It’s normal to choose favourites for everything the way you’d choose your favourite ice cream, even if it’s effectively irrelevant. Favourite colour, favourite season, favourite planet. The latter, of course, is Pluto. A mysterious, frozen landscape spinning so far from here even the centre of the universe seems closer (but that is wrong, for the record.)
In 2006 the International Astronomical Union (IAU), a collection of stuffy jerks who probably don’t even like ice cream, suddenly announced that Pluto is not a planet. Why? Apart from the stuffy jerk thing, the truth is “a planet” had not been properly defined before this. I guess for the first few thousand years of stargazing it seemed obvious enough to say “big spherical thing spinning around a star” without writing that down.

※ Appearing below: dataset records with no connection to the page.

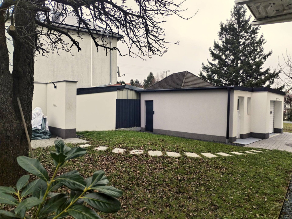 A telken egy 15 négyzetméteres garázs, valamint két különálló, összesen 9 négyzetméteres tároló is helyet kapott, amelyek praktikus megoldást nyújtanak mindennapi és szezonális használatra egyaránt. Valamint helyet kapott egy grill terasz is.
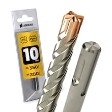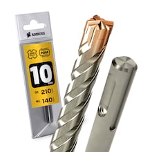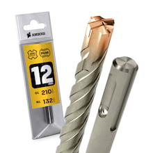 Hartmetall-bestückte SDS-Plus Bohrer für die Verwendung in Stein, armierten Beton, Mauerwerk, Granit, Marmor, keramische Baustoffe, Gasbeton, Sandstein usw. Optimaler Rundlauf, exzellente Verbindung zwischen Hartmetall-Kopf und Bohrerkörper, vierfache Spirale – all das sichert eine lange Einsatzdauer im harten Baustellen-Alltag und macht diesen Bohrer zu Ihrem zuverlässigen Begleiter.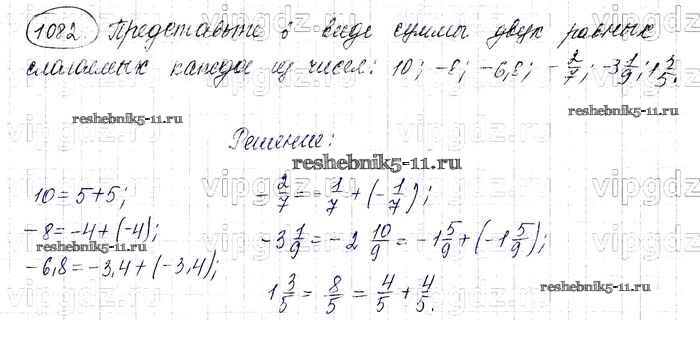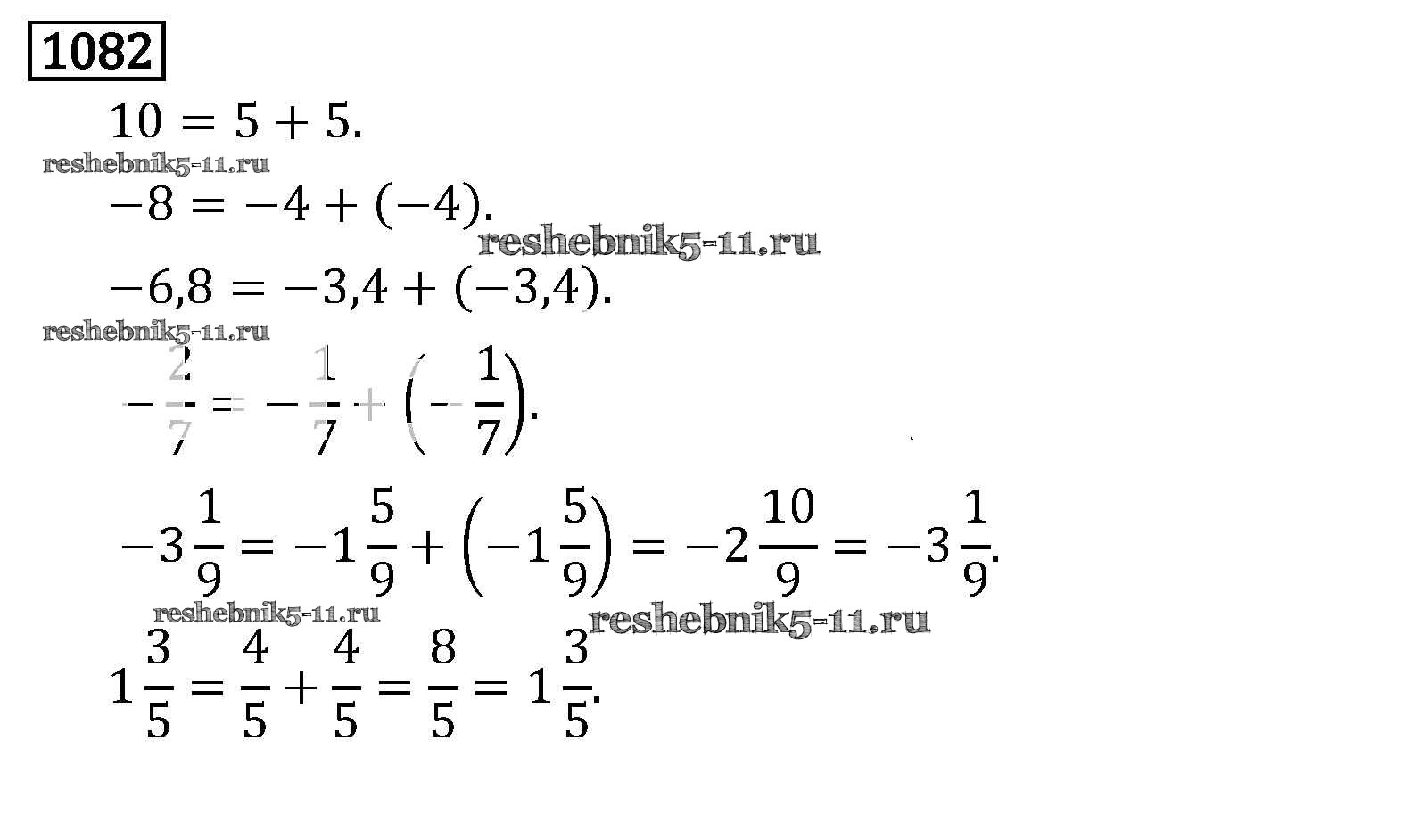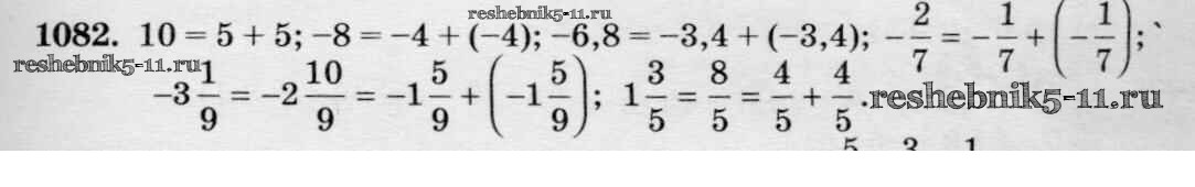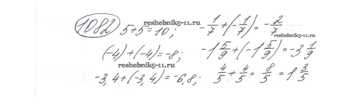 Готовая домашняя работа с ответами по Математике за 6 класс Виленкин, Жохов, Чесноков, Шварцбурд Учебник Мнемозина 2014 ФГОС - §6. Сложение и вычитание положительных и отрицательных чисел 1082

So Pluto was no longer a planet, specifically because it hadn’t cleared its orbit of debris. It was a dwarf planet, which sounded a lot to me like the IAU’s way of saying “Okay guys, we know you’re going to hate this, so we’re going to keep planet in its designation anyway, because we’re tired of never being invited to parties, and we do like ice cream a little bit, well, we like frozen yogurt, that’s nearly the same thing.” And the kerfuffle settled for a decade.
This week two astronomers have announced a new ninth planet far, far beyond Pluto, at a distance of 200 to 1200 AUs (1 AU = the distance from Earth to the sun) compared to Pluto’s puny 40 AUs. Astronomers have been announcing a possible Planet X for most of my lifetime, but this time it’s more or less confirmed. And it’s exciting. Very exciting. I should be over the moon (ha!) but I find myself irrationally resistant to the hype. One of the astronomers who found this new planet is the very same who made the discovery that led to Pluto’s reclassification as a dwarf planet. He’s even quoted as saying, “Killing Pluto was fun.”
It’s normal to feel defensive on behalf of a frozen ball of dirt 6 billion kilometres away, right?